From:
nerdland.net
I have been searching for the words to say this for a while. This is great.
I pledge allegiance to the flag of the United States of America, and to the republic, for which it stands, one nation, indivisible, with liberty and justice for all. However, I do not pledge any allegiance to our current government which, over the past few months more than ever, has trampled upon the very rights and freedoms which allow this nation to exist. I pledge allegiance to the republic defined by the constitution, where there is liberty and justice for ALL, not just the majority.
It is the document without which black people would still toil in fields as slaves, without which women would not be able to vote, and without which there would still be two schools in every town, two sections to every bus, and two drinking fountains in every hallway. These examples represent the triumph of a minority over a government which was violating its own laws. People who contradict these decisions today are called bigots. People who contradicted the same type of ruling yesterday were called heros.
If the government wants to change the rules - to eliminate or modify the establishment clause of the first amendment - let them do so the legal way, with a twenty-eighth amendment. I would like to see two thirds of the House, two thirds of the Senate, the President, and three fourths of the United States as a whole come together and state unequivocally that the United States believes in God, the Father Almighty, creator of heaven and earth, and that no other religions matter. I fervently hope that there are not enough bigots in this country in this day and age to do that.

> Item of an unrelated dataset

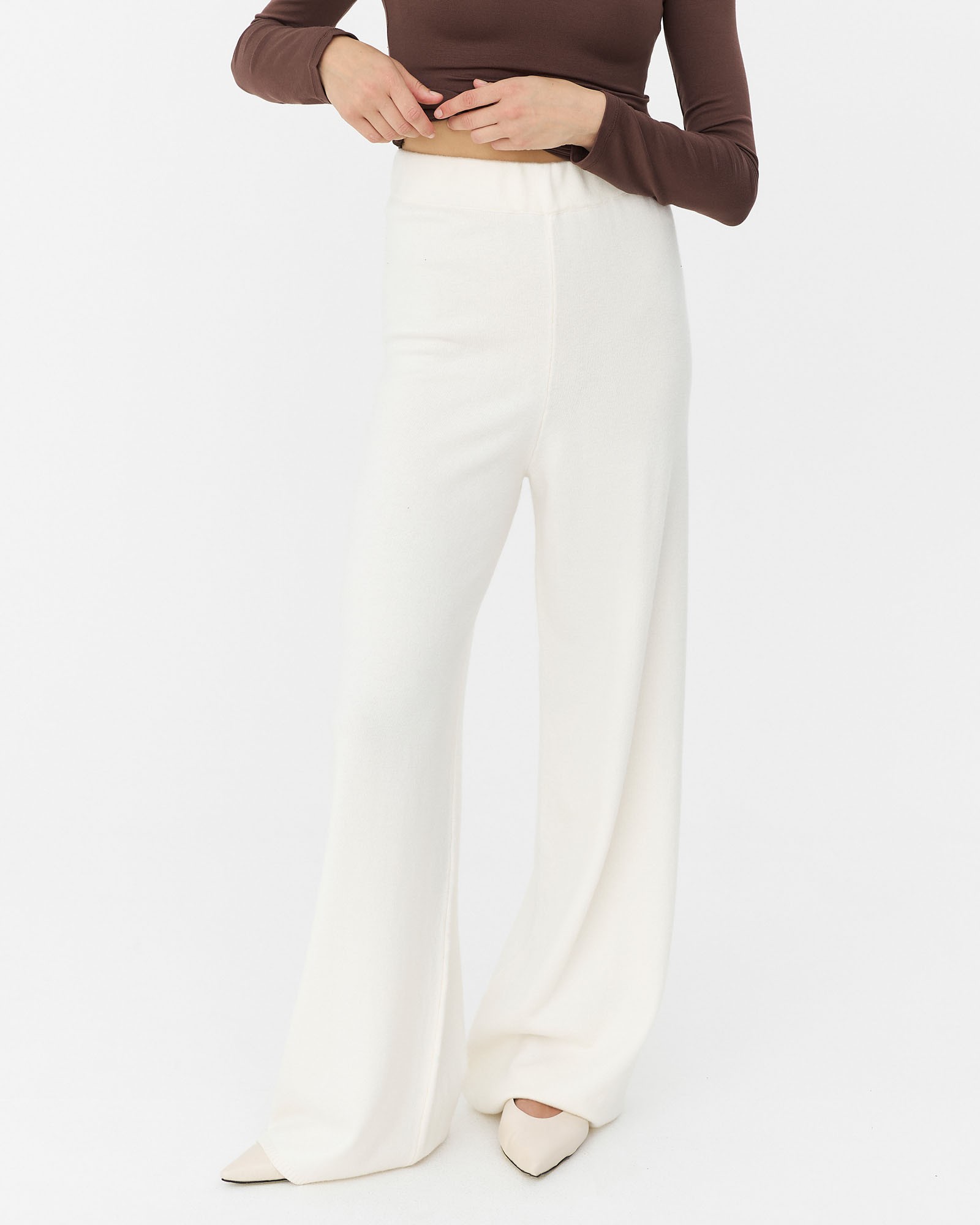 Однотонні трикотажні штани-палацо з високою посадкою, еластичним поясом та рівним обробленим низом.

People seem to lack the skill of empathy - putting oneself in another's shoes. If you are a Christian, you have no objection to you or or children pledging to or affirming the existence of your god. But how would you feel if every morning in school, your child had to pledge to someone else's god? I suspect enrollment in parochial schools would increase dramatically. There are a lot of deeply committed Christians in this county who would be offended at such a thing. But they seem to forget about all the deeply committed Hindus, Agnostics, Buddhists, Atheists, Taoists and others who are just as offended at the way things are now. If it's only correct because it's your god, you obviously aren't thinking about the constitutionality of the statement, only about your personal beliefs.
People try to justify these prejudices by claiming that this country was founded on a religious basis, and that our founding fathers had intended this nation to be Christian. I hate to break it to all of you, but most of our founding fathers were Deist, not Christian. God is not mentioned once in the Constitution. The motto "In God We Trust" and the "under God" portion of the Pledge of Allegiance were not added until the mid 1950's during the height of McCarthyism, and after a strong political push from a Catholic activist group. Anyone who says that these phrases are cultural and not religious is just fishing for justification for their own religious biases.
I'll tell you what ideal this country WAS founded on, though. Freedom from the tyranny of the majority. Anyone who has had a basic American History class in High School remembers the Great Compromise, during the constitutional convention, which created the Senate. It was to help protect smaller states in the minority against being subjected to the will of the majority. It is for this same reason that the electoral college exists. Remember, when you recite the Pledge of Allegiance, you are pledging allegiance to a nation with liberty and justice for ALL, not just the majority.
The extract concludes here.